Cette quittance comprenait les termes suivants:
1. une
correction des faits par une mise au point;
2. une
indication que la famille se dissociait des commentaires émis par certains
citoyens relativement à la façon de conduire de M. Lemay;
3. une
renonciation de la succession Guy Lemay à toute poursuite quelle qu’elle soit;
4. aucune
admission de responsabilité ou de faute de la part du journal, mais uniquement
un règlement à l’amiable.
Mme
Beaudet-Lemay indique qu’elle a refusé de signer cette quittance, et que par
conséquent, il n’y a pas eu de suite à sa demande de correction.
Commentaires du mis en cause
M. Alain
Couillard, directeur de l’information, et Le Peuple de Lotbinière, par
l’entremise de leur procureur d’alors, Mme Marie Rodrigue, considèrent les
motifs au soutien de cette plainte comme étant non fondés.
Mme Rodrigue
fait valoir que M. Couillard a relaté de façon juste et de bonne foi les
événements survenus le 17 octobre 1991; et qu’il était justifié de «tenir pour avérés
les propos qui lui ont été tenus par les agents de la Sûreté du Québec ainsi
que par les citoyens de Saint-Edouard».
Elle souligne
que ce sont les membres de la Sûreté du Québec qui ont indiqué à M. Couillard que
le permis de conduire de M. Lemay était suspendu jusqu’en décembre 1992; et que
le fait que celui-ci ait été suspendu jusqu’en juin 1992 «n’est d’aucune
pertinence et ne change absolument rien au sens du reportage».
En ce qui
concerne les informations relatives à l’heure de l’accident et aux directions
des véhicules, Mme Rodrigue souligne que ce sont là des inexactitudes mineures,
et que le reportage est dans son ensemble exact.
Mme Rodrigue
remarque qu’il était d’intérêt public de rapporter la nouvelle de cet accident,
et de divulguer des renseignements concernant le conducteur Guy Lemay.

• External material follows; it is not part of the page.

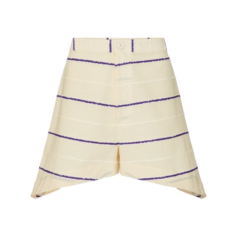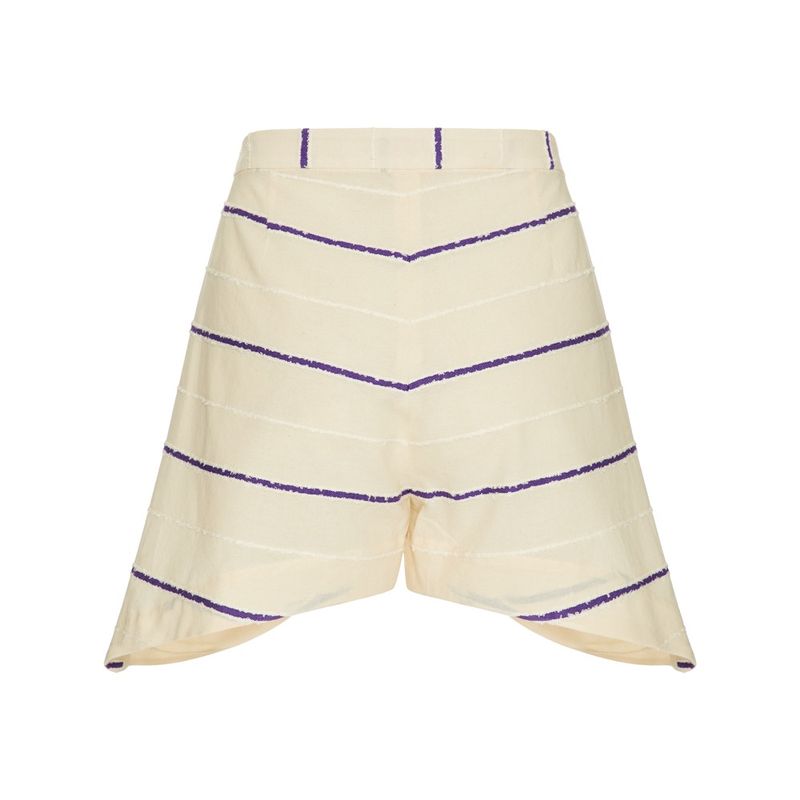 O tecido em listras off white e roxas traz uma pegada náutica atualizada, garantindo frescor e versatilidade. Perfeito para composições casuais cheias de personalidade, é um shorts pensado para quem busca estar bonita, estilosa e confortável ao mesmo tempo.

Elle
considère également que le journal n’avait pas, dans le cadre de la rédaction
de cet article, à obtenir la version des faits de la famille, d’autant plus
qu’aucun de ses membres n’était présent lors de l’accident.
Enfin, Mme
Rodrigue fait part au Conseil que les discussions et les négociations qui ont
eu lieu entre les parties ne relèvent pas des questions à être tranchées par le
Conseil de presse, et sont par conséquent non pertinentes.
Analyse
Le Conseil de presse réitère le principe qu’il a toujours fait valoir, à savoir que le public a droit à une information juste et équitable. L’exactitude des faits demeure primordiale.

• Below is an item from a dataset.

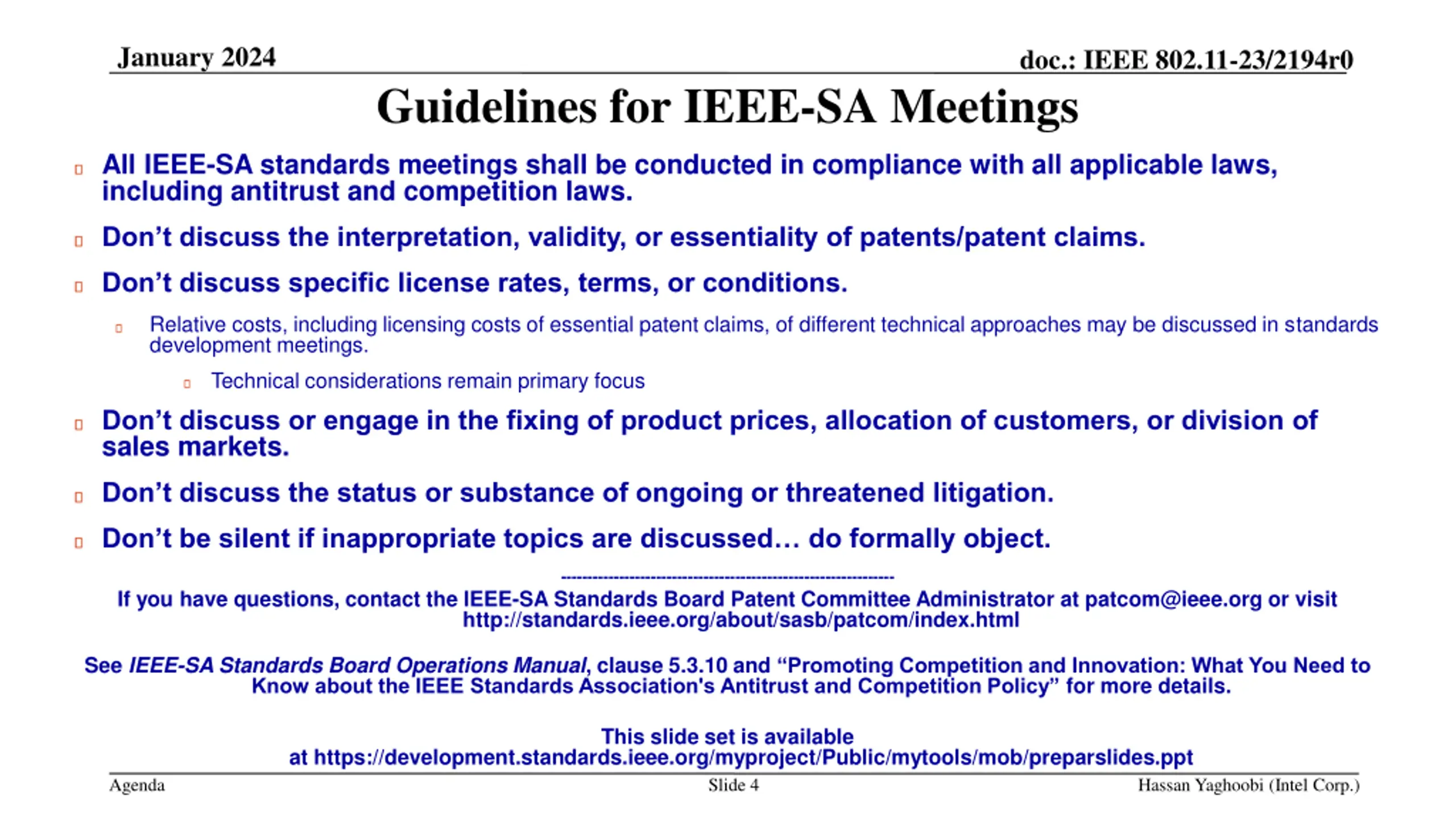 January 2024 doc.: IEEE 802.11-23/2194r0 Guidelines for IEEE-SA Meetings All IEEE-SA standards meetings shall be conducted in compliance with all applicable laws, including antitrust and competition laws. Don t discuss the interpretation, validity, or essentiality of patents/patent claims. Don t discuss specific license rates, terms, or conditions. Relative costs, including licensing costs of essential patent claims, of different technical approaches may be discussed in standards development meetings. Technical considerations remain primary focus Don t discuss or engage in the fixing of product prices, allocation of customers, or division of sales markets. Don t discuss the status or substance of ongoing or threatened litigation. Don t be silent if inappropriate topics are discussed do formally object. --------------------------------------------------------------- If you have questions, contact the IEEE-SA Standards Board Patent Committee Administrator at patcom@ieee.org or visit http://standards.ieee.org/about/sasb/patcom/index.html See IEEE-SA Standards Board Operations Manual, clause 5.3.10 and Promoting Competition and Innovation: What You Need to Know about the IEEE Standards Association's Antitrust and Competition Policy for more details. This slide set is available at https://development.standards.ieee.org/myproject/Public/mytools/mob/preparslides.ppt Agenda Slide 4 Hassan Yaghoobi (Intel Corp.)

Dans le cas présent, le Conseil estime qu’il était du devoir du journal Le Peuple de Lotbinière d’apporter un rectificatif aux informations erronées qu’il avait publiées (direction des véhicules, heure de l’accident, durée de la suspension du permis de conduire de M. Lemay), d’autant plus qu’il a reconnu ces inexactitudes dans un projet de quittance. Le Conseil ne peut par ailleurs retenir les griefs de la plaignante eu égard à ce qui a été rapporté concernant la conduite automobile de M. Lemay, ainsi que les informations relatives à la suspension de son permis de conduire et aux résultats à venir des analyses de son sang. Il y a lieu de souligner que M. Lemay a été impliqué dans un accident alors qu’il était en infraction avec la loi (permis de conduire suspendu). En conséquence, les informations d’ordre privé qui ont été divulguées à son sujet devenaient d’intérêt public.